Saint-Germain-Lembron (/fr/; Sant German de Lembron) is a commune in the Puy-de-Dôme department in the Auvergne-Rhône-Alpes region in central France.

==Geography==
The village of Saint-Germain-Lembron is located in an alluvial basin crossed by a small stream : the Lembronnais. That's what it Lembron from the suffix added to the name of Saint-Germain.
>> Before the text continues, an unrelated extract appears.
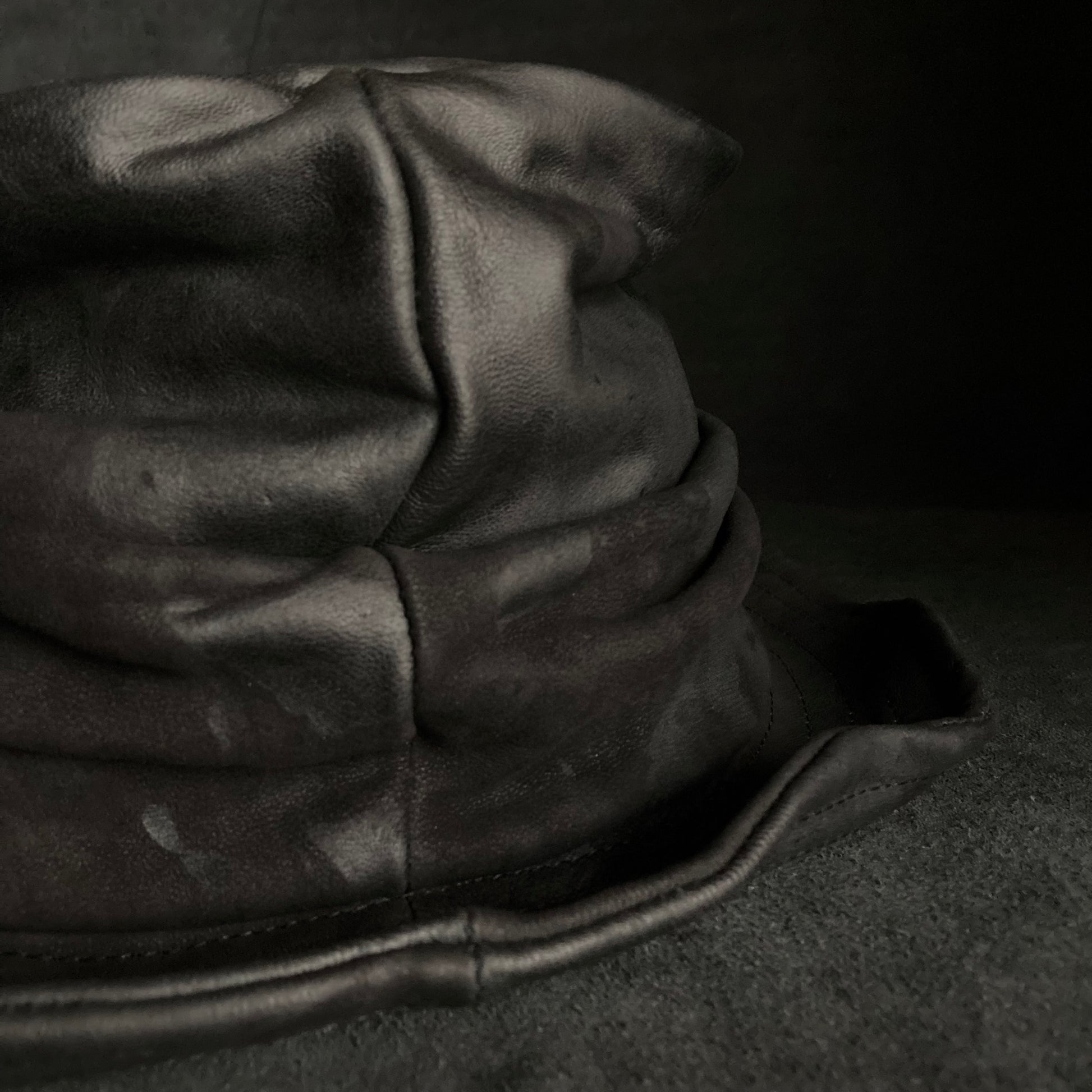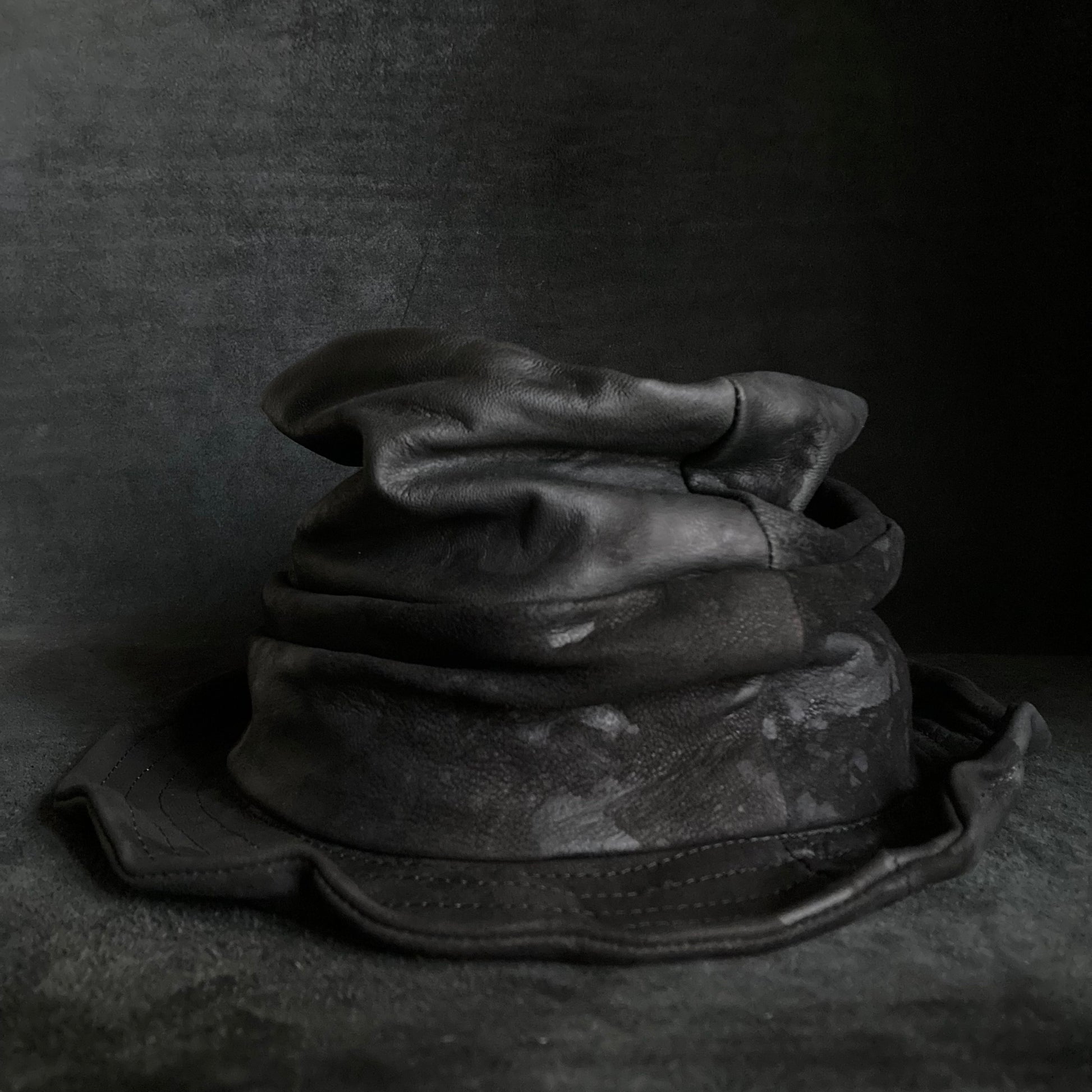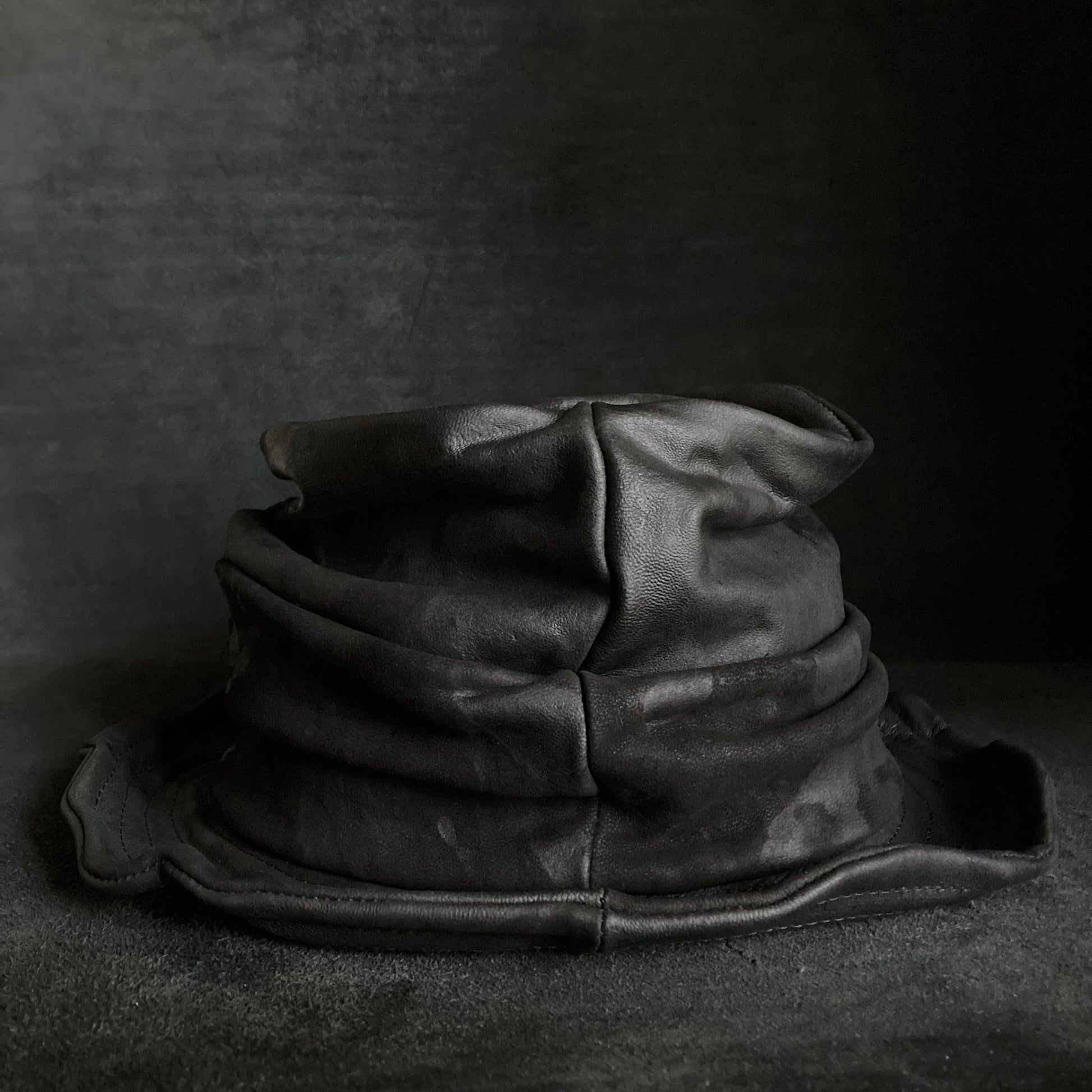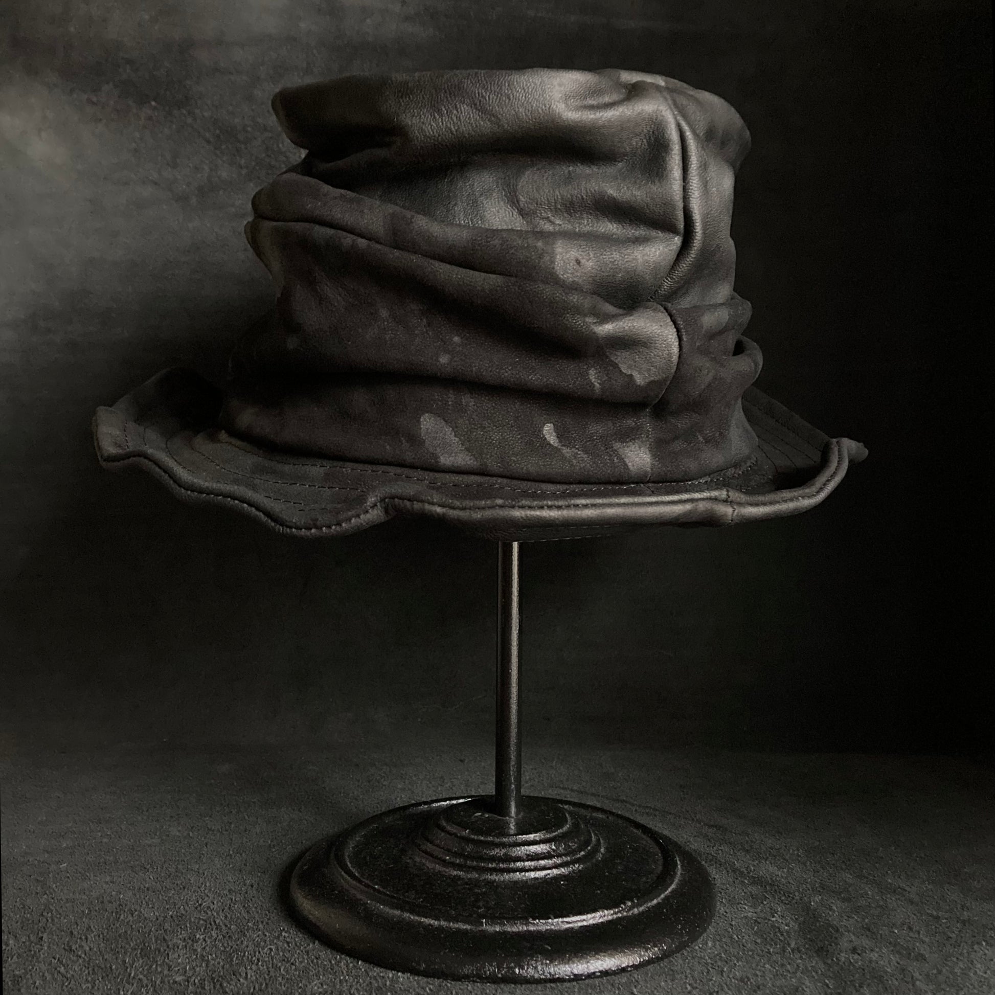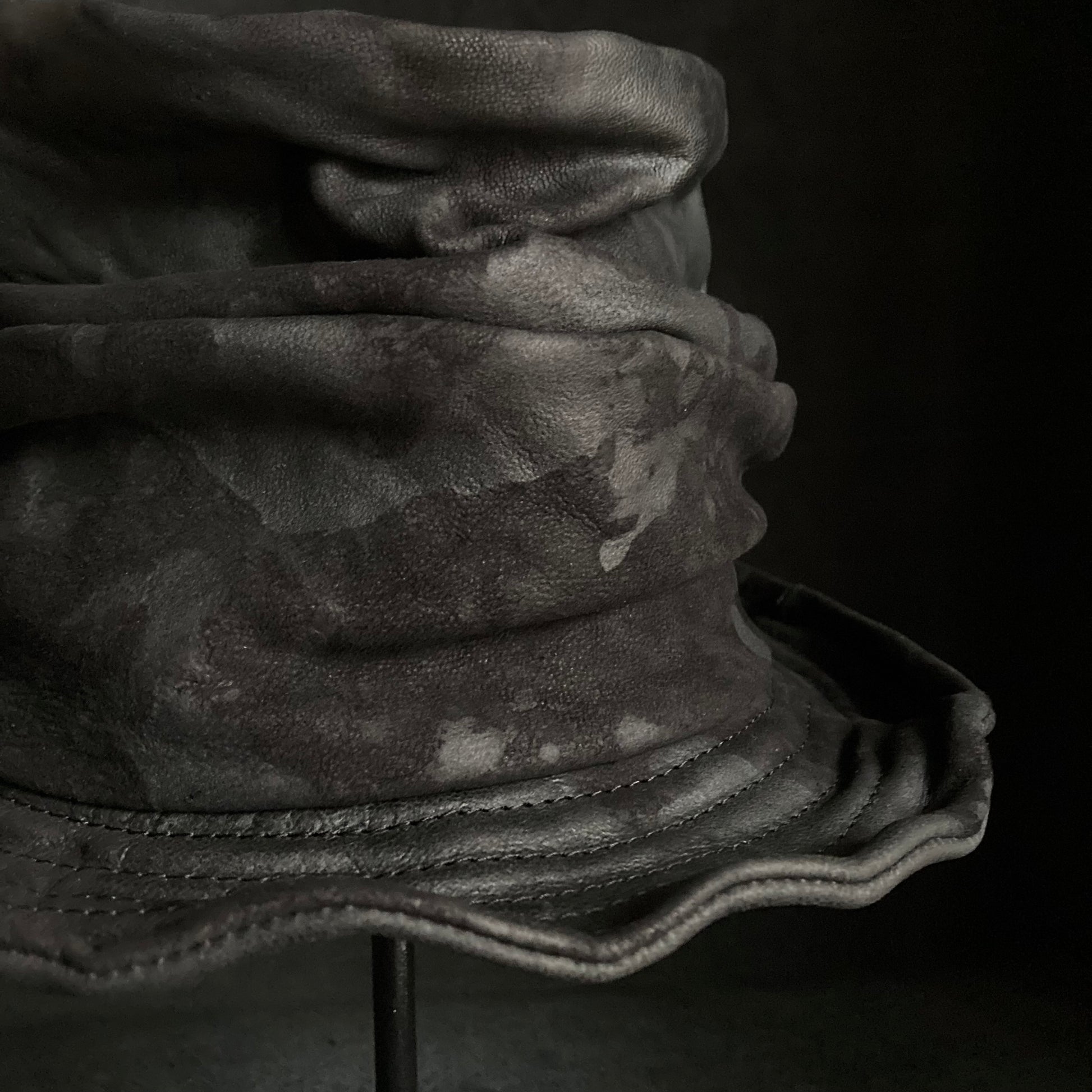 Bleached black leather turn bucket hat

The heart of the village is situated off the highway A75 near the river Couze Ardes which flows into the Allier some two kilometers downstream on the territory of the neighboring town of Breuil-sur-Couze.

==History==
The history of Saint-Germain-Lembron dates back to Gallo-Roman times when a town designated as the Liziniat (Liziniacus) appearing in some ancient writings, the latter being located on-site or near the present village. One of three churches dedicated to St. Germain was built here and, the town was home to a community of canons from the second half of the 10th century, finally gave its name to the town, as already attested to the Merovingian vicus.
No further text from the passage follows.